[Instructions to follow]
Copy the lines below, please, starting with the one that contains "The Gembird WM-70T-02" and ending with the last. Pictures stay out.

[Records from a collection]
════════

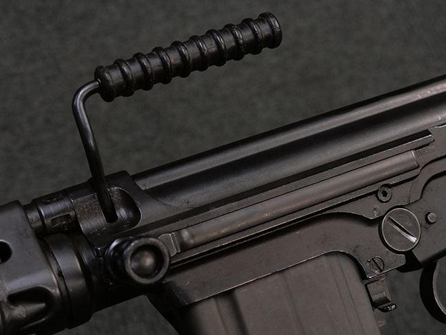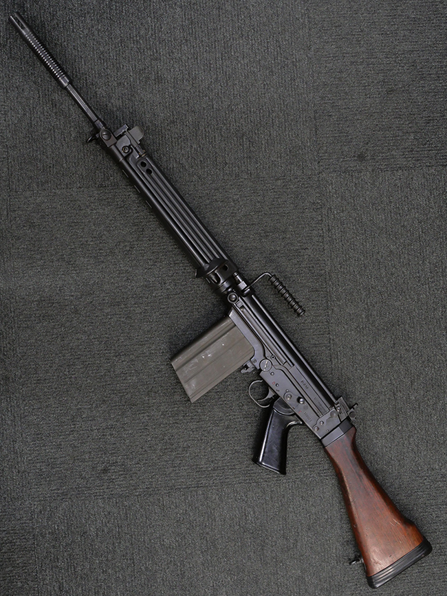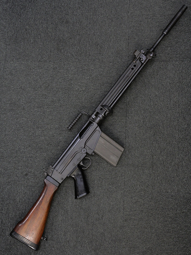 ベルギー FN社のFAL自動小銃を元に、オーストリアで改良・開発された自動小銃で、1958年に行われたトライアルでスペインのセトメ自動小銃及び米国のAR10自動小銃を破ってオーストリア陸軍に制式採用となりました。 FAL自動小銃からの主な変更点として、プレス製のメタル・ハンドガード及び折り畳み式の二脚が装備されているのが特徴です。 このため外観が西ドイツのGew.1自動小銃に酷似していますが、銃口部にチューブ径22mmのグレネード・ランチャーとして機能するサプレッサーが装備されている点が異なります。 このサプレッサーにはSTRIMやMECARといったライフル・グレネードを装着する事が可能でした。 また、このサプレッサーの先端には4本の溝が設けられており、内部にはワイヤーを捉えるためのネジが切られています。 このサプレッサー先端部分でワイヤーを捉えて銃を発射する事により、ワイヤー・カッターとして使用する事も可能となっています。 StG.58自動小銃の内、最初に納入された2万挺はベルギーのFN社で生産された品を輸入した物でしたが、その後オーストリアのステアー・ダイムラー・プフ社でライセンス生産が行われました。 初期生産品の銃床は木製の物が装備されていましたが、後に黒色の樹脂製銃床へと変更されています。 また、オーストリアで生産された品のガス・プラグには、取り外しボタンにL字型の板が取り付けられている物も見られます。 尚、StG.58自動小銃にはGew.1自動小銃と同様に銃剣は用意されていませんでした。 StG.58自動小銃は、1977年に後継のステアーAUG自動小銃が制式採用された後も、1980年代半ば頃まで多くの部隊で使用された他、現在でもオーストリア軍の訓練用小銃として使用されています。 (KK)
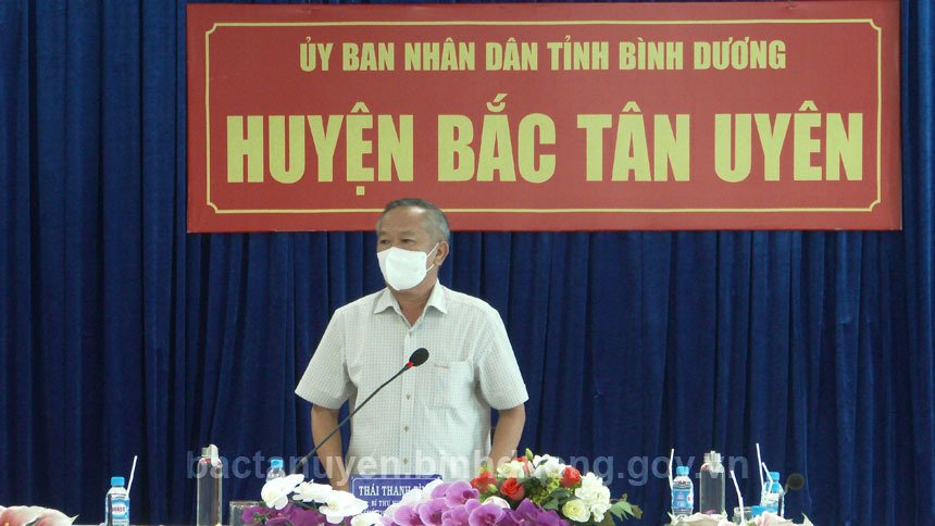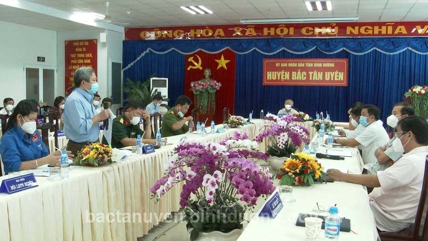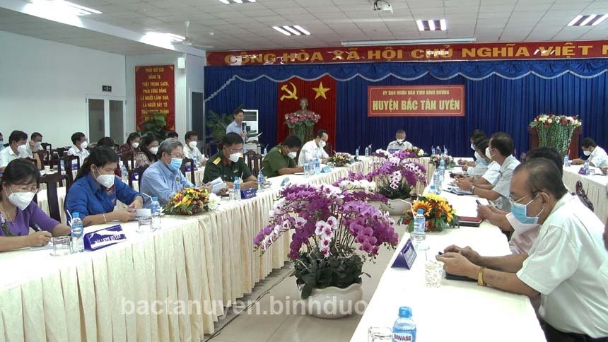 Sáng ngày 16/8, huyện Bắc Tân Uyên tổ chức cuộc họp Ban chỉ đạo phòng, chống dịch Covid-19 huyện, đồng chí Thái Thanh Bình - Tỉnh ủy viên, Bí thư Huyện Ủy, Chủ tịch UBND huyện, Trưởng ban chỉ đạo phòng, chống Covid-19 huyện chủ trì cuộc họp. Dự họp có các đồng chí là thành viên Ban chỉ đạo huyện, Bí thư Đảng ủy các xã, thị trấn trên địa bàn huyện.
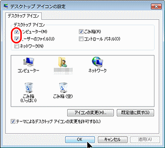 (2)画面の左側メニューで、[デスクトップアイコンの変更]をクリックする。
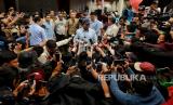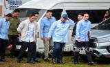 Prabowo hadir di lokasi sekitar pukul 09.00 WIB dengan mengenakan pakaian kemeja biru muda, celana biru navy dan topi.
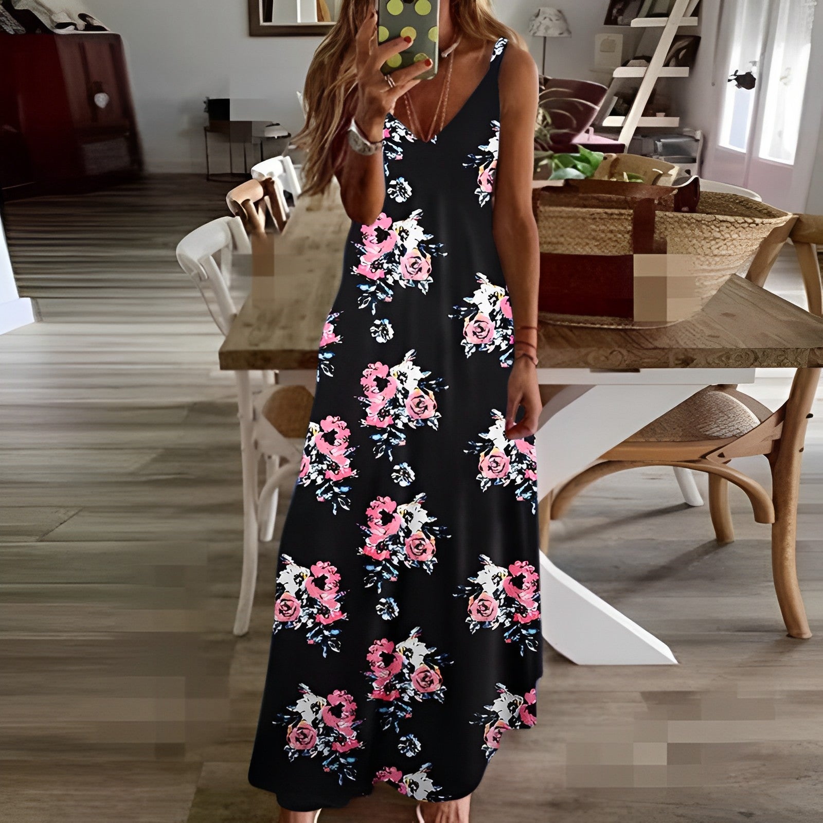 Comfort en luchtigheid: Deze jurk is gemaakt met het allerhoogste comfort in gedachten, zodat je zelfs op de heetste zomerdagen koel en comfortabel blijft. De jurk is mouwloos en heeft spaghettibandjes voor maximaal ademend vermogen en bewegingsvrijheid.
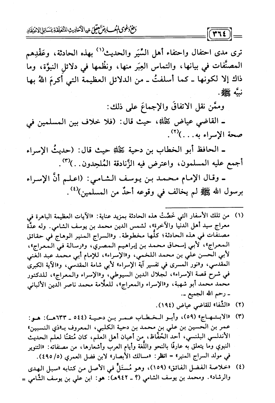 - الحافظ أبو الخطاب بن دحية - رحمه الله - حيث قال: (حديثُ الإسراء أجمع عليه المسلمون، واعترض فيه الزَّنادقة المُلحِدون .. ) (¬٣)
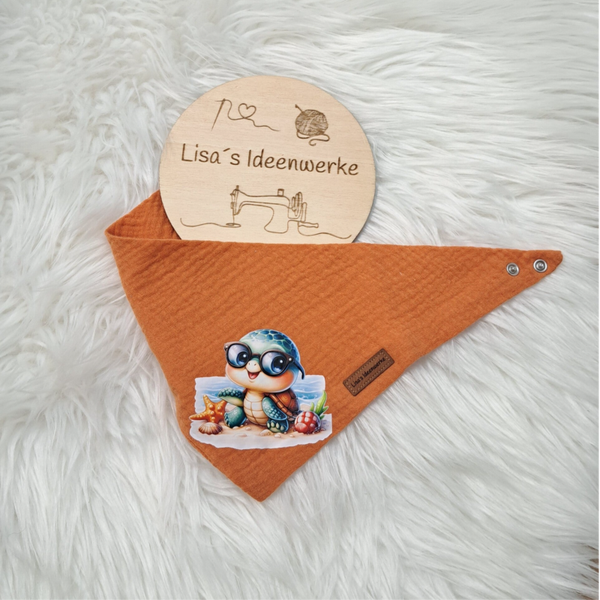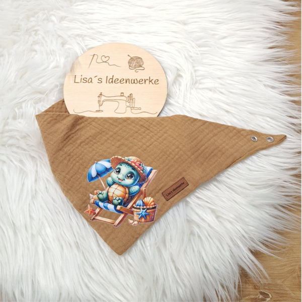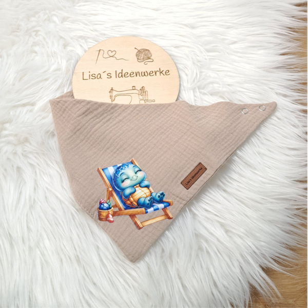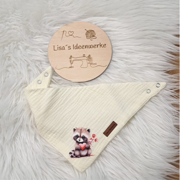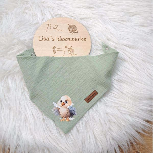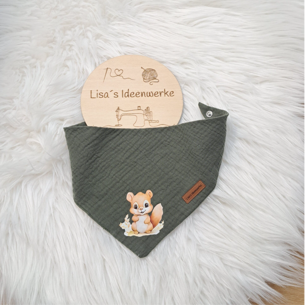 Dreieckstücher beidseitig aus Musselin mit Bügelbild.
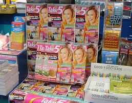 Take5 earned the prized counter promotional position this week with the free Spring Sensations cookbook which comes with the magazine. It was a tough call with several magazines offering free books. Take5 won because it and That’s Life respond exceptionally well to counter promotion – especially Wednesday through Friday. We’d expect to replace the display by late friday because we should be just about out of stock by then.
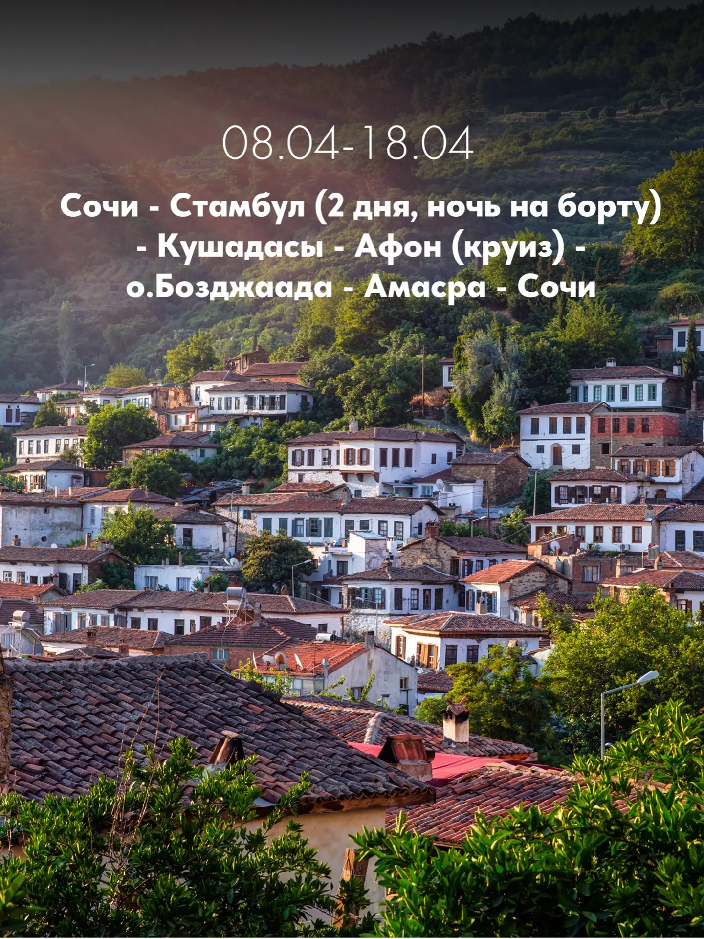 Сочи — Стамбул — Афон (круиз вдоль побережья) — о. Бозджаада — Амасра — Сочи
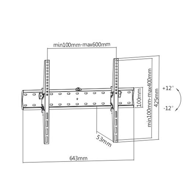The Gembird WM-70T-02 TV mount supports screens from 94 cm (37') to 177.8 cm (70') with a maximum weight capacity of 40 kg. It has a tilt angle range from -12 to 12 degrees and is compatible with a variety of VESA mount sizes from 200 x 200 mm to 600 x 400 mm.
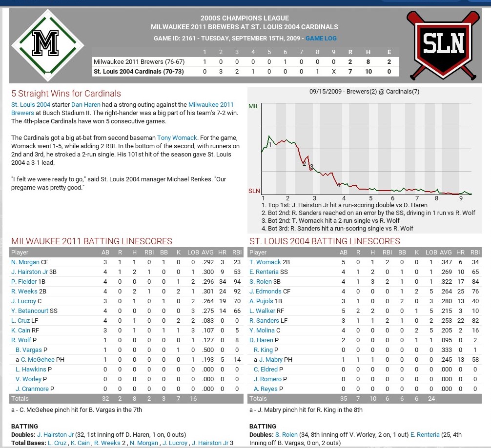 Rec/Std: 66-73, 4th, 9 GB Milwaukee W: Romero 1-1, 11.17. L: Leake 10-11, 4.86. Sv: Isringhausen 28, 3.89. HR: Pujols 13, Phillips 13. Player of the game: The Reds' Brandon Phillips was 2 for 3 with a home run, 2 runs scored and an RBI. The Cardinals' Ray Lankford was 1 for 5, but his double in the sixth inning snapped a 2-2 tie. |
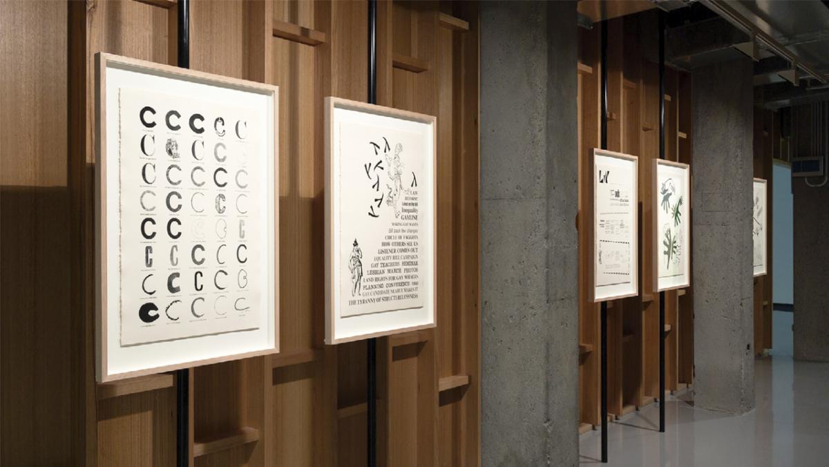 Image: Ella Sutherland Five Readings, 2018, silkscreen on paper, 5 parts: each 76.2 x 55.8cm (sheet). Installation view, Monash University Museum of Art, Bookworks, Melbourne, 2019. Photo: Christian Capurro. Courtesy of the artist.

════════

[Problem solution]
The Gembird WM-70T-02 TV mount supports screens from 94 cm (37') to 177.8 cm (70') with a maximum weight capacity of 40 kg. It has a tilt angle range from -12 to 12 degrees and is compatible with a variety of VESA mount sizes from 200 x 200 mm to 600 x 400 mm.
 Rec/Std: 66-73, 4th, 9 GB Milwaukee W: Romero 1-1, 11.17. L: Leake 10-11, 4.86. Sv: Isringhausen 28, 3.89. HR: Pujols 13, Phillips 13. Player of the game: The Reds' Brandon Phillips was 2 for 3 with a home run, 2 runs scored and an RBI. The Cardinals' Ray Lankford was 1 for 5, but his double in the sixth inning snapped a 2-2 tie. |
 Image: Ella Sutherland Five Readings, 2018, silkscreen on paper, 5 parts: each 76.2 x 55.8cm (sheet). Installation view, Monash University Museum of Art, Bookworks, Melbourne, 2019. Photo: Christian Capurro. Courtesy of the artist.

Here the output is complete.